- **Input data**
------------
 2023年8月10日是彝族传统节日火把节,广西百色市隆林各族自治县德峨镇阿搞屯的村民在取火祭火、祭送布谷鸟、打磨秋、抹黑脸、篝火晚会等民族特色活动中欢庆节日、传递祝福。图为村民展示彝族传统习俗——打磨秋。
------------
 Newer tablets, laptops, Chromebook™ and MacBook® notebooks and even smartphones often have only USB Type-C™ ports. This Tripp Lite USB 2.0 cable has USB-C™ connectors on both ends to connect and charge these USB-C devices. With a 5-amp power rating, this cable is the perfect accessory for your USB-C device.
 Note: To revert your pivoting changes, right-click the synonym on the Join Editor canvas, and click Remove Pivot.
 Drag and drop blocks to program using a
------------
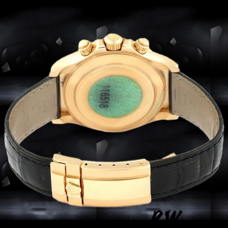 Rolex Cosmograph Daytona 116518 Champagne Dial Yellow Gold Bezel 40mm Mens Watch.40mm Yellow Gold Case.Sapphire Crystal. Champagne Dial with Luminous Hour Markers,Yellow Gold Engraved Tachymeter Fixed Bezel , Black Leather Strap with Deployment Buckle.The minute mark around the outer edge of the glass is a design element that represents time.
------------
Please give back exactly the lines of this listing beginning at the line with "Note: To revert" and ending with the line with "Drag and drop blocks to program using a", both included, and nothing else.

 Note: To revert your pivoting changes, right-click the synonym on the Join Editor canvas, and click Remove Pivot.
 Drag and drop blocks to program using a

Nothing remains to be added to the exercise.